Steve Grubb sgrubb at redhat.com
Sat Nov 9 10:08:41 UTC 2019


On Sat, 9 Nov 2019 20:18:45 +1100
Lenny Bruzenak <lenny at magitekltd.com> wrote:
> On 11/9/19 8:39 AM, Steve Grubb wrote:
> 
> > On Fri, 8 Nov 2019 13:39:58 -0700
> > "John T Olson" <jtolson at us.ibm.com> wrote:
> >  
> >> Greetings,
> >>
> >> I have the following 2 audit rules set up:
> >>
> >> -a always,exit -F arch=b64 -S all -F exit=-EACCES -F dir=/gpfs/fs1
> >> -a always,exit -F arch=b64 -S all -F exit=-EPERM -F dir=/gpfs/fs1
> >>
> >> I have a directory structure like the following:
> >>
> >> (13:15:26) zippleback-vm1:~ # ls -la /gpfs/fs1/test/
> >> total 257
> >> drwx------.  3 root root   4096 Nov  7 12:46 .
> >> drwxr-xr-x. 15 root root 262144 Nov  7 12:50 ..
> >> drwx------.  2 root root   4096 Nov  7 12:46 test2
> >>
> >> Essentially, directory "/gpfs/fs1/test/" is owned by root and has
> >> permissions 700.  The subdirectory underneath it (with
> >> path /gpfs/fs1/test/test2) is also owned by root and has
> >> permissions 700.
> >>
> >> When I have a non-root user attempt to list the contents of
> >> directory "/gpfs/fs1/test/" I receive an audit message for the
> >> denied access.

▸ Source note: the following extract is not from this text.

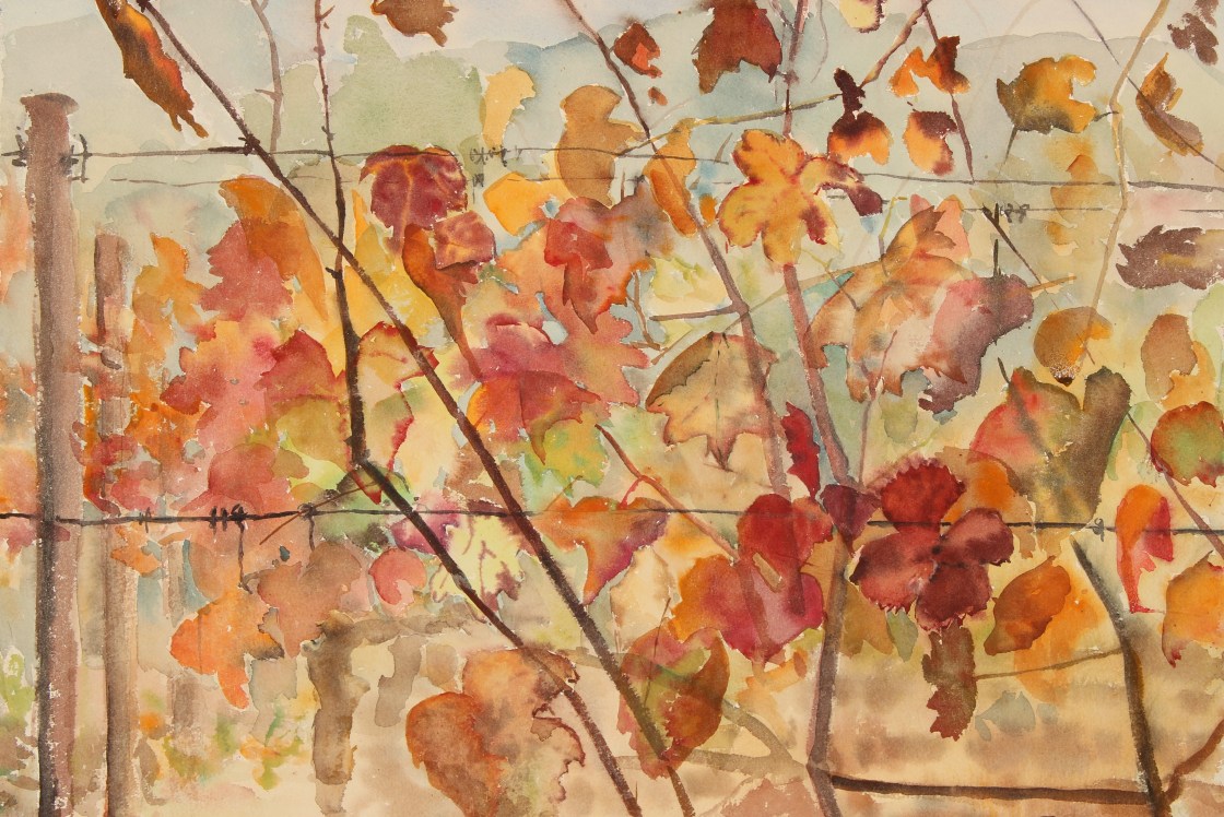 I just managed to finish this painting as the vineyard workers were making their way up the hill slowly but surely pruning the vines ready for the winter and the new vines to come in the spring.

However, when the non-root user attempts to list
> >> the contents of the subdirectory (/gpfs/fs1/test/test2), there is
> >> no audit message generated. Does anyone know why this is and how I
> >> get audit messages in both cases?  
> > Yes, the reason is because the path did not resolve so audit never
> > saw it. This has been this way for quite some time. In the past, it
> > was said because the path never resolved, a PATH record with all
> > attributes could not be generated. I have mentioned to kernel
> > maintainers, that the path is available as a syscall argument.
> > While a full PATH record cannot be generated with file attributes,
> > an abbreviated one could be generated. So, far...no one has saw
> > this as a big enough problem to fix. Personally, I think it should
> > be fixed. 
> At first blush, I completely agree. However, I'm wondering if the
> first attempt completely failed, how would the second one even have
> the knowledge of the unattainable path?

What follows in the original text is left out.